No... fired at me was more like it.

It was like cannon balls were flying all around and sooner or later, I was sure to take a hit.

What on God's green earth did he mean?

He can't just leave me hanging like that! Did he get me confused with someone else, I mean, cuz I was clearly sitting right there? No other person but me. So how could he shoot so straight and still miss the mark?

Shaking my head, I moved to place Chloe in the makeshift bassinet so I could finally get dressed. It was nearing eleven o'clock and my stomach was rebelling.

Moving to my claustrophobic inducing walk in closet with the burnt out light bulb I had planned on changing like a thousand times, I pulled out a pair of jeans, a white v-neck t-shirt with a little pocket on it before flicking a sandal out into the middle of the room with my big toe with the matching pair to follow.

Shucking my sleep shorts, I continued processing Kyle's words as I slipped into my favorite pair of weekender jeans.

Surface...project what we want others to see... stuck with a stereotype.

Pulling on the t-shirt, I tucked the bottom of it beneath the waistband of my jeans and zipped before buttoning.

Was he saying I wrongly judged him?

Tsh... as if. I'm not the type to judge people. In fact, it's other people who misjudge me!
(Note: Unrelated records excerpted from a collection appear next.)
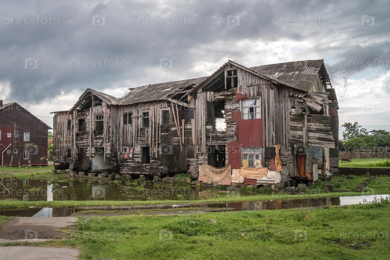 Старый разрушенный деревянный дом на окраине города
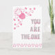 Valentine's Day card with modern typography and borders of love hearts. The front of the card is lettered with "you are the one" in a blend of modern oversized print and casual script. Inside reads "happy valentine's day" and you are welcome edit this to suit a different occasion if you wish.
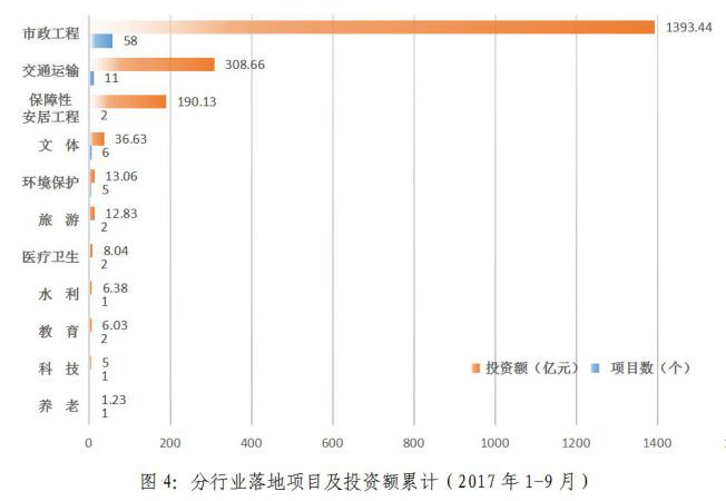 2017年1-9月,累計新落地項目數排名:市政工程(58個)、交通運輸(11個)、文體(6個)、環(huán)境保護(5個)、保障性安居工程(2個)、醫(yī)療衛(wèi)生(2個)、教育(2個)、旅游(2個)、養(yǎng)老(1個)、水利(1個)、科技(1個)。

Stupid jock!

I froze. I blinked a few times as the impact of my words slapped me hard across my conscience.

Letting out a sigh of defeat, I crossed my legs and bent my knees in a crisscross applesauce fashion. A loud popping sound filled the room as my butt connected with the floor. Placing my face in my hands, I rubbed until I felt my eyes and cheeks were going to slip off.

When did I become that person? The person Kyle recognized in me so easily and I had been staring at her every day for nearly 18 years. Minus a few when I was a baby, but still. Less than twenty-four hours in his company and Kyle Warner had already called me out... to myself! Making me see the side of me that I knew was there but just ignored. The one who was never hurting anyone.

But you let your stereotypical judgments blind you to who Kyle Warner really is. Didn't he just say so? And you haven't exactly been a saint toward him because of that judgment.

How many more people have you been wrong about?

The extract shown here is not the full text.